子規は、松山から上京後の学生時代に野球と出会いました。その頃アメリカから伝来したばかりだった野球に子規は熱中し、キャッチャーとして活躍しています。現在でも使われている「打者」「走者」「死球」などの用語を翻訳したのも子規です。

さらに子規は、幼名の「升(のぼる)」をもじって「野球(のぼーる)」という号も自分につけています。短歌にも次のように野球を詠み込みました。

久方のアメリカ人のはじめにしベースボールは見れど飽かぬかも

死因は結核

1898年、病床で仕事をする子規
出典:産経ニュース

正岡子規は結核で亡くなりました。初めて喀血したのが22歳ごろなので、この頃には結核にかかっていたと考えられます。結核菌は脊椎に転移し、30歳のときには「脊椎カリエス」と診断されました。

亡くなるまでのおよそ7年間を病床で過ごした子規ですが、文学への情熱や好奇心は衰えませんでした。

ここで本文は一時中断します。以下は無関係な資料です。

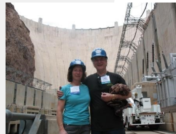
Visiting the Hoover Dam. A National Historic Civil Engineering Landmark

What advice would you give to young professionals in the organization? Your ASCE colleagues and friendships help balance out your professional experiences as a Civil Engineer. You may change jobs, but your ASCE "family" stays with you and can be a constant and positive part of your professional life. Get involved. Volunteer. Step outside your comfort zone. Give presentations.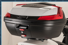
Top case 47L matched to vehicle colour A05892XX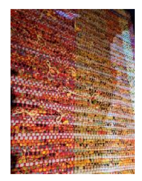
One of our new member's rag rug embellished with beads made into a wall hanging.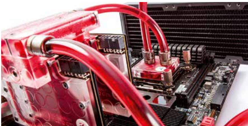
EKWB cooling setup with CPU water block

Continuous development and innovation in ICT lead to original technological solutions that are commonly integrated into the company's work environment and processes. Not only are they connecting people but they're also becoming an indispensable part of the operations of successful companies around the world today.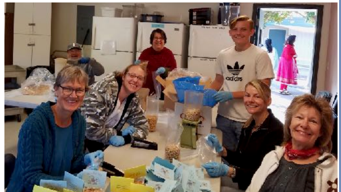
PW nut packing Nov. 2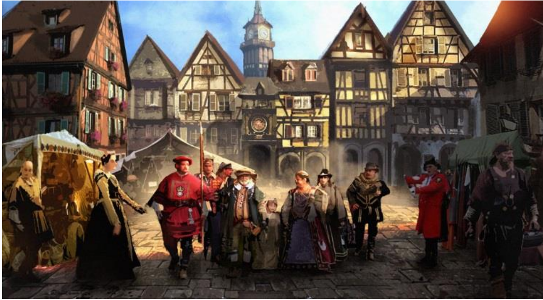
Wealthy District <above> and Craftsmen District <below>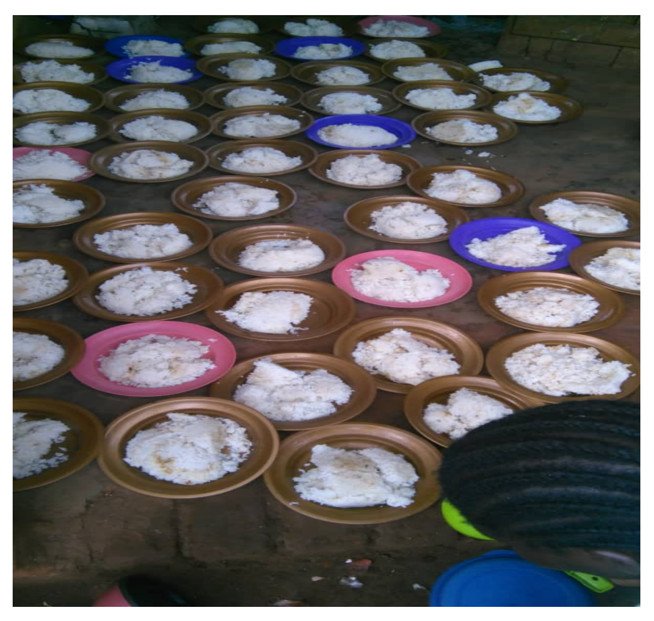
Figure 5:PLATES OF FOOD FOR THE CHILDREN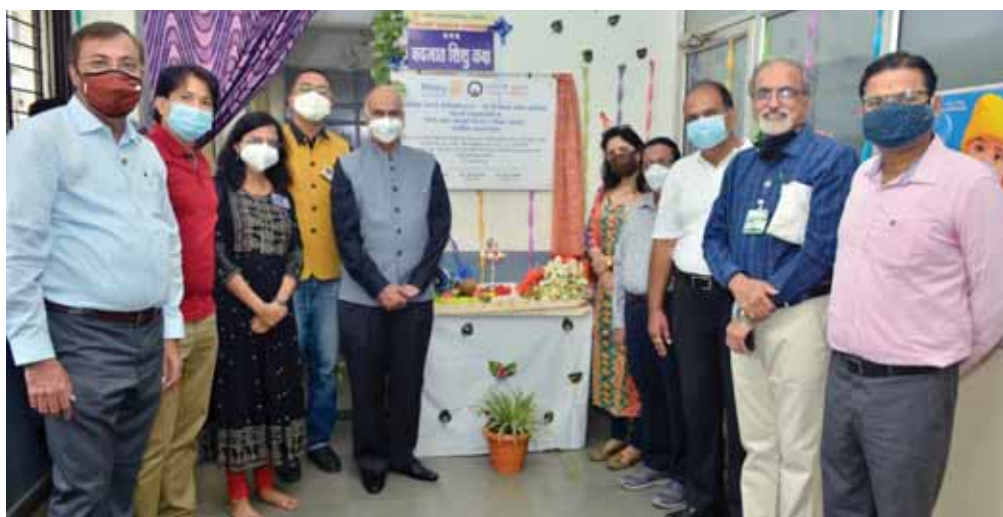
Rotarians at the inauguration of new machines.

R otary Club of Nasik, RID 3030, in association with Ring Plus Aqua, an automobile components manufacturer, equipped the Bytco Civil Hospitals in Nashik with six C-Pap machines. The equipment will be used to treat children with respiratory distress syndrome. Each of these machines cost around ₹1.5 lakh. ■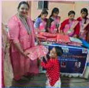
IWC DURGAPUR Distribution of new clothes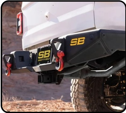
JT XRC Gen 2 Rear Bumper

Thank you for choosing Smittybilt accessories for your Jeep Gladiator® needs! If you would like to view our full range of available overlanding accessories, please visit us at www.smittybilt.com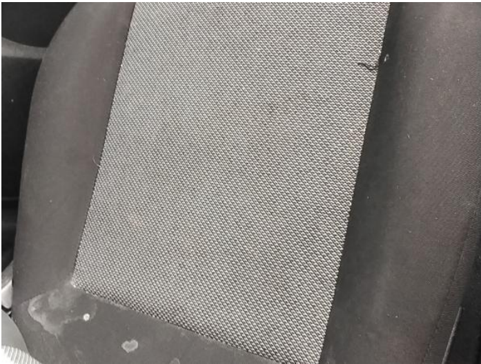
11: Seat Base Cover nsf Soiled Heavy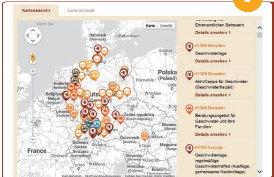
New search options and displays make the support database even more user-friendly.

In designing the new FamilyTies website, our underlying concept was to make it easy for users to find support and information on what is on offer as well as making the search a fun and informative activity. The website is the outcome of experience gained through four years of collaboration with sibling support professionals and organisations. The database, which now contains more than 200 possibilities of support and activities, is therefore the central feature of the new website. Organisations wishing to put the support they provide online can also upload photographs and easily update their entry at any time. The extensive service section for the individuals concerned and interested parties contains a lot of helpful advice for siblings and their parents – e.g. dates, pointers to books and films – and an area with links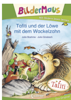
PictureMouse - Tafiti and the Lion with the Wobbly Tooth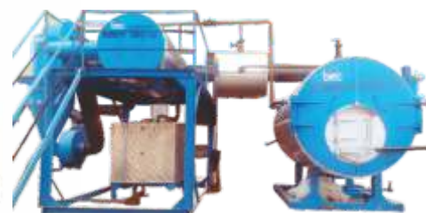
ECOPAC Wood fired 3 Pass Horizontal Hot Water Boiler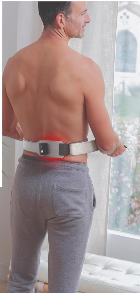
Image: A man wearing the HoMedics Therapy Wrap around his lower back, secured with an extender strap, illustrating its use for larger body areas.

DESIGNED TO PROVIDE TARGETED RELIEF FOR LARGER AREAS, LIKE THE LOWER BACK & ABDOMEN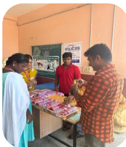
Organised stall activity @Dindugal. No Of Stalls 2, Total value is Rs 4130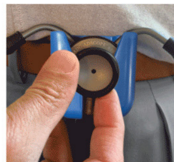
Slide chestpiece in slot.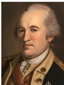
Major General Baron von Steuben

The Bluegrass Challenge Academy Blue Book takes its name from the “Regulations for the Order and Discipline of the Troops of the United States,” commonly called the “Blue Book.” Major General Baron von Steuben, America’s first Inspector General and Drill Instructor, wrote the Blue Book during the winter of 1778-1779. The Blue Book is based on the training plan he had devised while training the American Continental Army at Valley Forge. The Blue Book set down duties and responsibilities for corporals, sergeants, first sergeants, and sergeants major, effectively encompassing the NCO ranks of that day. The Blue Book also established the qualities a Soldier must have to serve in demanding positions. BCA honors that proud tradition by having its own Blue Book.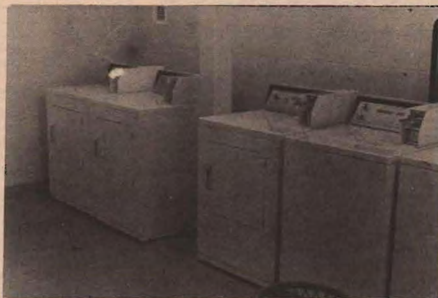
More Washers and Dryers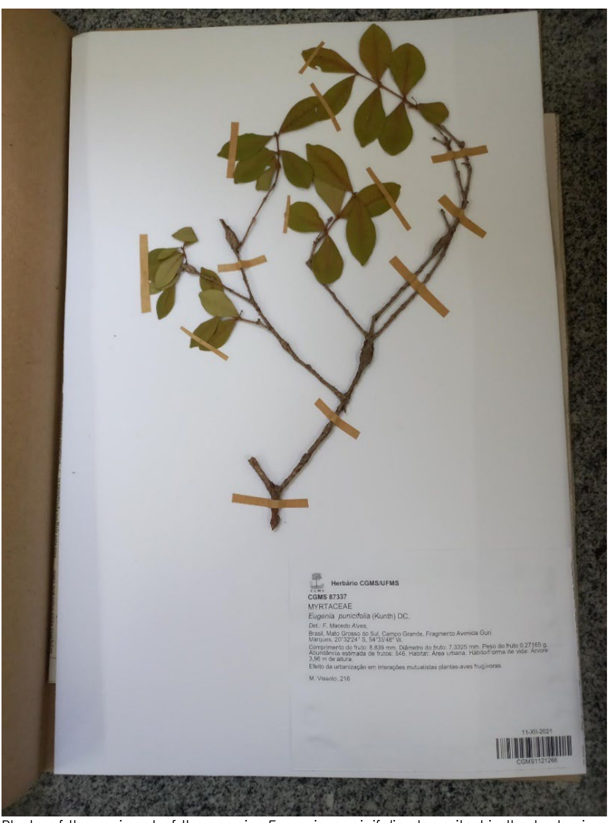
Photo of the exsiccat of the species Eugenia punicifolia deposited in the herbarium collection of the Federal University of Mato Grosso do Sul.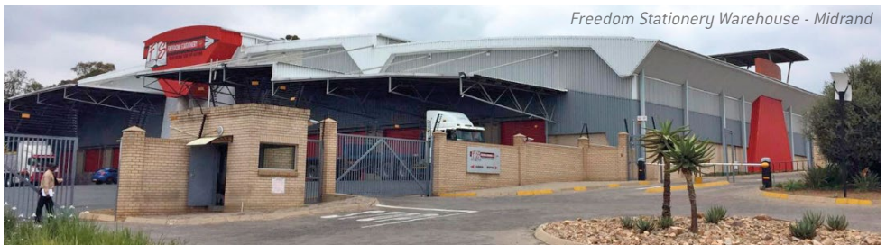
Freedom Stationery Warehouse - Midrand

TecsaReco continues to prepare for a go live scheduled for the end of February. APL Cartons in Worcester are now live on the PO receiving and put away processes and plan to go live in the factory in the third week of March. MetraClark are currently labeling their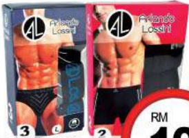
Arlando Lossini Men Brief/Trunk Size: S-5XL Assorted Design & Colors 2's/3's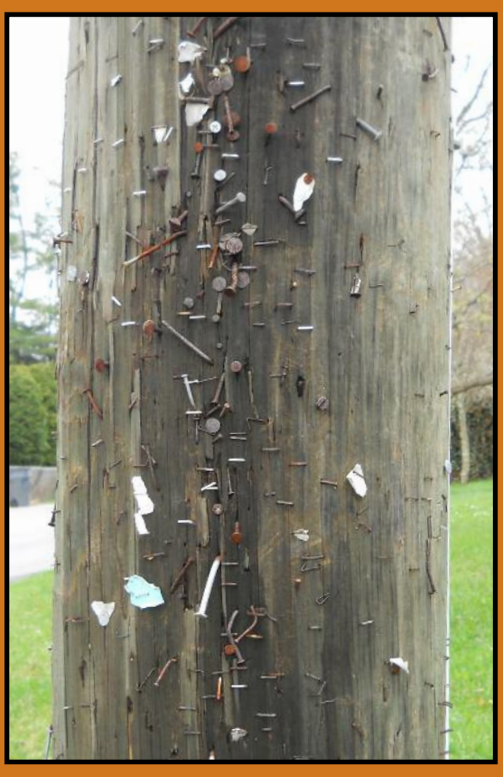
Photo of a pole in the BTES service area. Nails and staples pose a major concern for linemen.

"Always teach children not to play with or swing on guy wires, and remember to be vigilant of these wires while performing yard work or spending time outside," King said.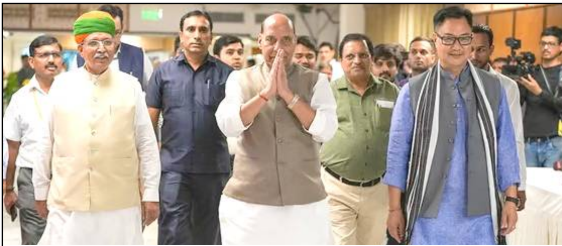
July 21, 2024 nü New Delhi nung Union Defence Minister Rajnath Singh, Union Minister for Parliamentary Affairs Kiren Rijiju aser Union Minister of State for Parliamentary Affairs, Arjun Ram Meghwal nung party ajak senden nung adentsü atema aodang tangokba noksa nung angur. Tzüngluruwa mongpu Parliament senden tenzüksü anogo ka lia sorkari party ajak senden ka ayongzüka menogo.

New Delhi, July 21 (Agencies): Tzüngluruwa mongpu Parliament senden tenzüksü jelia Amongnü sorkari party ajak senden ka ayongzüka amen aser iba senden nung mendenbubaji Union defence minister, Rajnath Singh liasü.

布団の中で筆をとり、原稿を書いて「墨汁一滴」「病床六尺」などを新聞「日本」に連載しました。また、友人・中村不折からもらった絵具を使って、庭の草花や果物を写生した「草花帖」「菓物帖」も遺しています。

正岡子規の子孫

正岡子規研究所所長の正岡明さんは子規の子孫
出典:正岡子規研究所

子規は34年の生涯を独身で通したため、子供もいません。子規の遺した原稿などは、妹・律が管理しました。律は2度結婚したのですが離婚していて、正岡家に戻って子規没後の家を守りました。

律には子供がいなかったため、叔父・加藤拓川の息子(つまり子規と律のいとこ)を養子にもらっています。現在、正岡子規研究所を主宰している正岡明さんはこの養子の息子で、律の孫にあたります。明さんは樹木医としても活躍していて、子規にちなんだ庭を造園したこともあるそうです。